Aim of the exercise → Images should be omitted while the rest of the data is duplicated exactly.

Given material →
/---
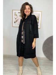 Кардиган женский прямого силуэта из трикотажной ткани (двунитка-футер). На полочке и спинке расположены декоративные, необработанные швы. В верхней и нижней части переда есть настрочные элементы с печатью и тесьмой. По переду изделия карманы. Спинка со средним швом и кокеткой. На кокетке расположен элемент с печатью и тесьмой. Рукав спущенный с манжетой. Вырез горловины оформлен стойкой. По переду изделия планка с кнопками.
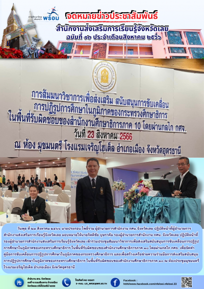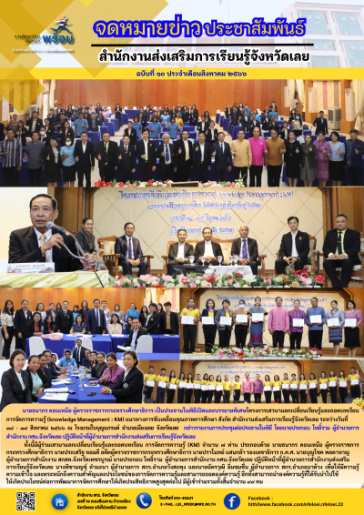 โครงการเสวนาแลกเปลี่ยนเรียนรู้และถอดบทเรียน การจัดการความรู้ (knowledge Management : KM) แนวทางการขับเคลื่อนคุณภาพการศึกษา สังกัด สำนักงานส่งเสริมการเรียนรู้จังหวัดเลย ระหว่างวันที่ ๑๘ - ๑๙ สิงหาคม ๒๕๖๖
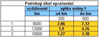 A když si vypočtu, pod jak nízkým úhlem by mi měla nejlépe vyzařovat anténa, pokud chci dělat DX spojení jen na jeden skok, vyjdou mi tyto hodnoty (ve stupních a desetinách stupně ve žlutých polích tabulky):
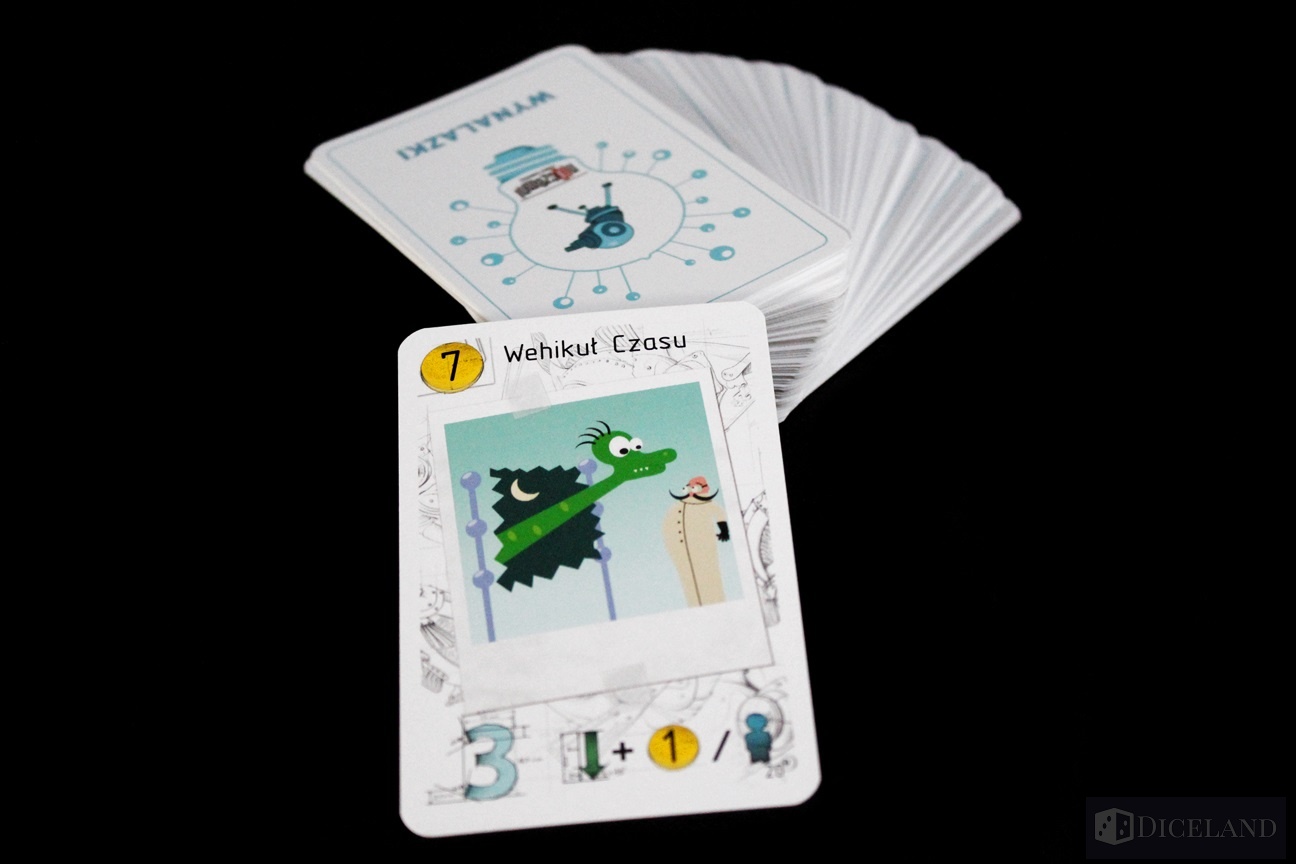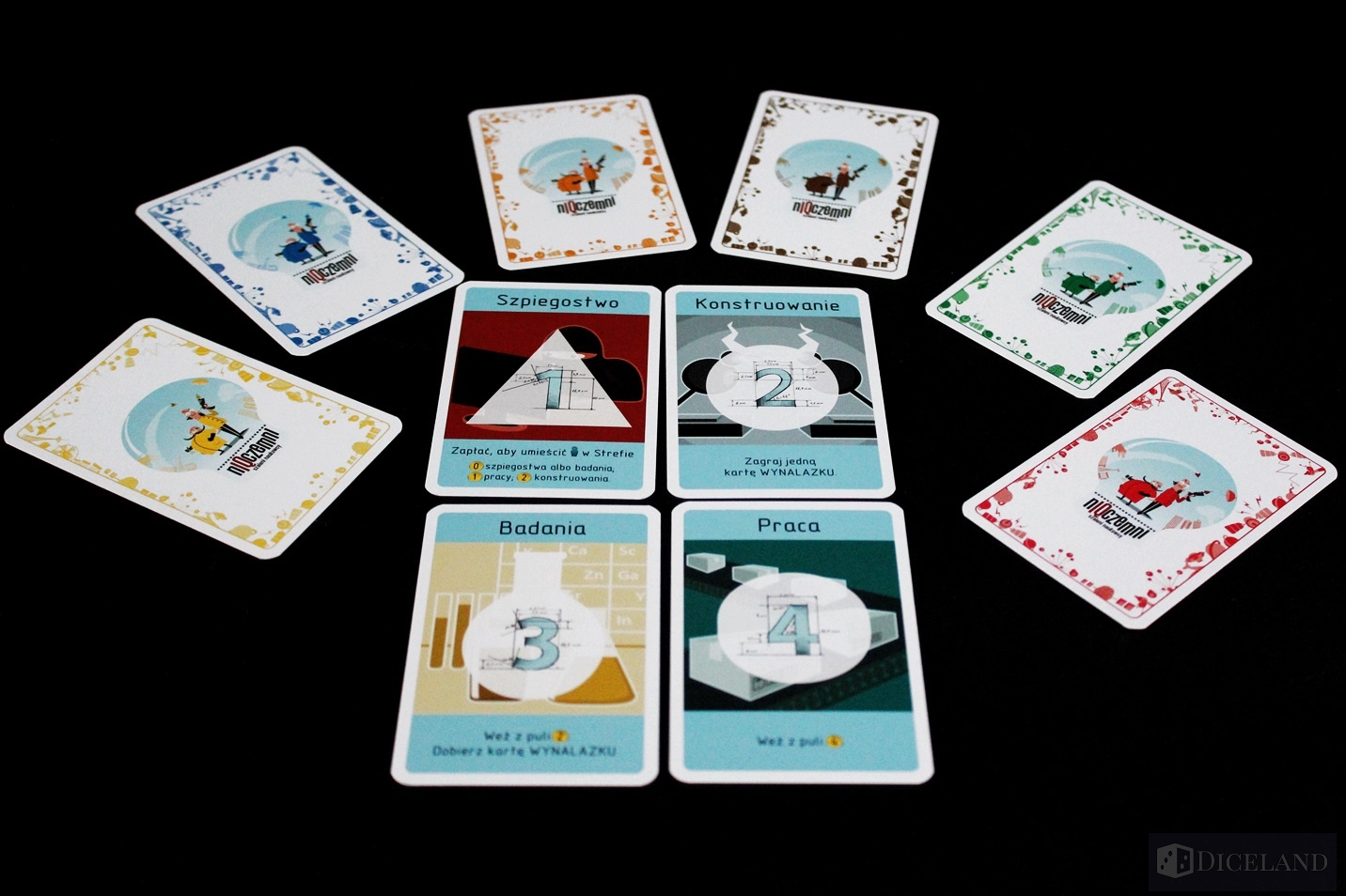 Do tych kart zaliczamy: karty wynalazków, które symbolizują nasze niqczemne pomysły oraz większe karty konwersji, modyfikujące nieco zasady każdej partii. Znajdziemy także karty akcji w 6 kolorach, po cztery dla każdego gracza.
\---
Task output →
 Кардиган женский прямого силуэта из трикотажной ткани (двунитка-футер). На полочке и спинке расположены декоративные, необработанные швы. В верхней и нижней части переда есть настрочные элементы с печатью и тесьмой. По переду изделия карманы. Спинка со средним швом и кокеткой. На кокетке расположен элемент с печатью и тесьмой. Рукав спущенный с манжетой. Вырез горловины оформлен стойкой. По переду изделия планка с кнопками.
 โครงการเสวนาแลกเปลี่ยนเรียนรู้และถอดบทเรียน การจัดการความรู้ (knowledge Management : KM) แนวทางการขับเคลื่อนคุณภาพการศึกษา สังกัด สำนักงานส่งเสริมการเรียนรู้จังหวัดเลย ระหว่างวันที่ ๑๘ - ๑๙ สิงหาคม ๒๕๖๖
 A když si vypočtu, pod jak nízkým úhlem by mi měla nejlépe vyzařovat anténa, pokud chci dělat DX spojení jen na jeden skok, vyjdou mi tyto hodnoty (ve stupních a desetinách stupně ve žlutých polích tabulky):
 Do tych kart zaliczamy: karty wynalazków, które symbolizują nasze niqczemne pomysły oraz większe karty konwersji, modyfikujące nieco zasady każdej partii. Znajdziemy także karty akcji w 6 kolorach, po cztery dla każdego gracza.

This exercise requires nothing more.